Transwestern Brings Houston Industrial Park Online

More than 850,000 square feet of logistics space entered the market.

Transwestern Development Co. has delivered East Belt Logistics Park, a two-building industrial campus encompassing 858,600 square feet in Houston. Rosenberger Construction served as the general contractor, breaking ground in 2024.

The infill park is at 12320-12330 Lockwood Road, about 17 miles northeast of downtown Houston. Interstate 69 is roughly 9 miles away, while the George Bush International Airport and the Port of Houston operate within 14 miles.

“The project sits equidistant between IAH and the Port of Houston,” Transwestern Executive Managing Director Brian Gammill told Commercial Property Executive. “Tenants that will benefit from this location include consumer goods companies, third-party logistics providers and light manufacturing users based on the strong nearby labor pool.”


READ ALSO: Is 2026 the Year for a Steadier Ride?


Featuring cross-dock layouts, the two warehouses span 591,560 and 267,040 square feet, respectively. The larger facility has a clear height of 40 feet, while the smaller building’s vertical clearance reaches 36 feet.

Transwestern’s development arm has delivered properties across multiple sectors, including industrial, office, mixed-use, life science, health care and multifamily.
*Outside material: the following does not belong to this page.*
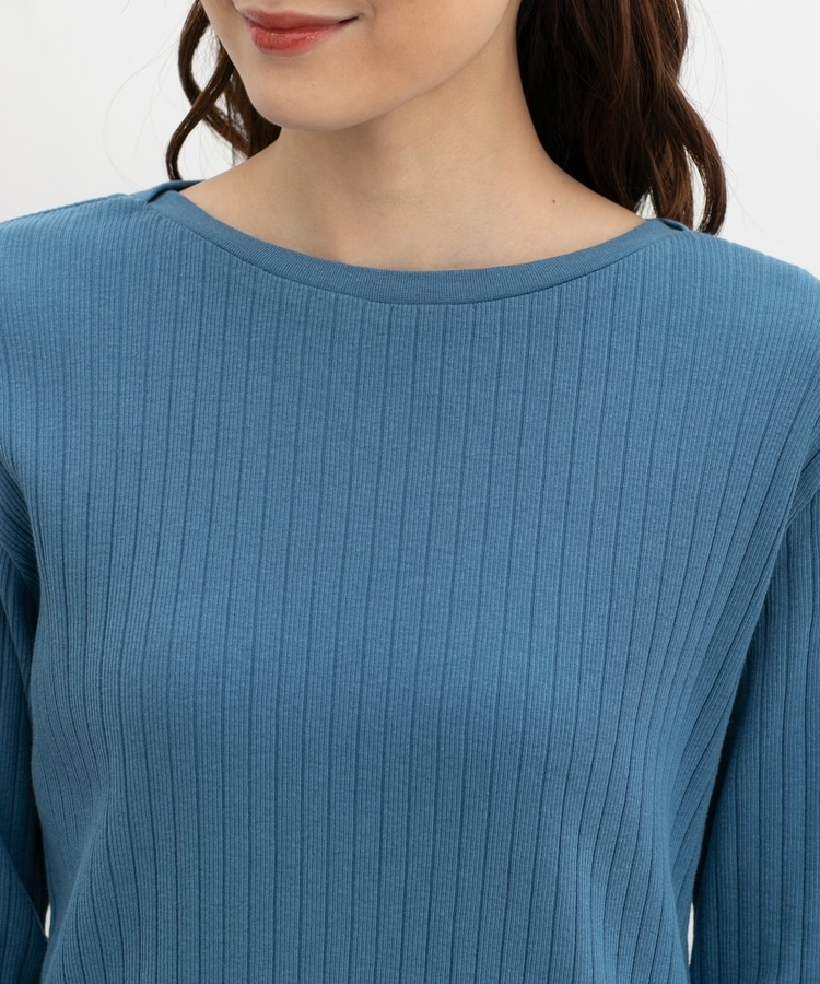 デコルテをきれいに見せる、控えめな開き具合のボートネックデザイン。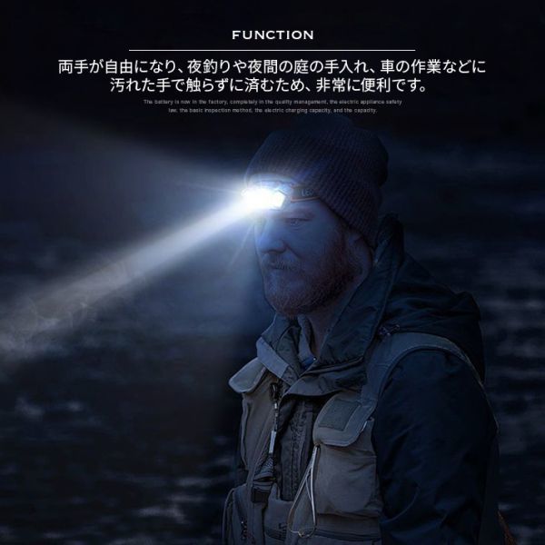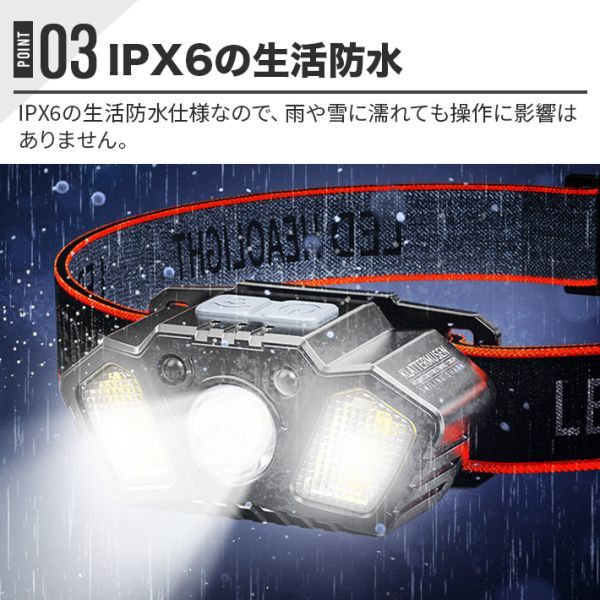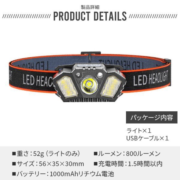 進化版XPE LEDヘッドライト 充電式ヘッドランプ センサー機能5段階調光SOS機能 800ルーメンiPX67 防水 52g 軽量 充電インジケータ

Since 2012, the valuation of its projects across all stages of development has exceeded $9 billion.

Just last month, the company’s development and investment branches teamed up for another industrial project, located in Savannah, Ga. This campus will comprise two facilities totaling 528,560 square feet.

Houston’s vacancy tight despite strong development

Houston’s industrial deliveries clocked in at more than 19 million square feet in 2025, according to Yardi Matrix data. Going against national trends, which align with an easing of completions, the market’s new stock increased by a substantial 48.8 percent year-over-year.

Developers broke ground on 23.2 million square feet in the metro last year and by December, the pipeline comprised 19.4 million square feet, according to a Yardi Matrix report. Just Phoenix (19.9 million square feet) and Dallas-Fort Worth (30.1 million square feet) ranked higher for under-construction space.

Even with such a strong construction activity, Houston’s vacancy rate was tight, clocking in at 6.1 percent, 310 basis points below the national average, the same report shows. In fact, the metro had the lowest vacancy across the entire South region, followed by Nashville (6.6 percent) and Atlanta (8.1 percent).

“Houston’s industrial demand is being fueled by large logistics and manufacturing users who continue to scale, supported by strong infrastructure and a deep labor pool,” Robert Kramp, senior vice president of research & investment analytics at Transwestern, told CPE.

“With construction up 25 percent and demand holding near 15.5 million square feet annually, the market is positioned to absorb new supply. We expect 2026 to bring steady, above-trend activity as energy adjacent industries and advanced manufacturing continue expanding,” he continued.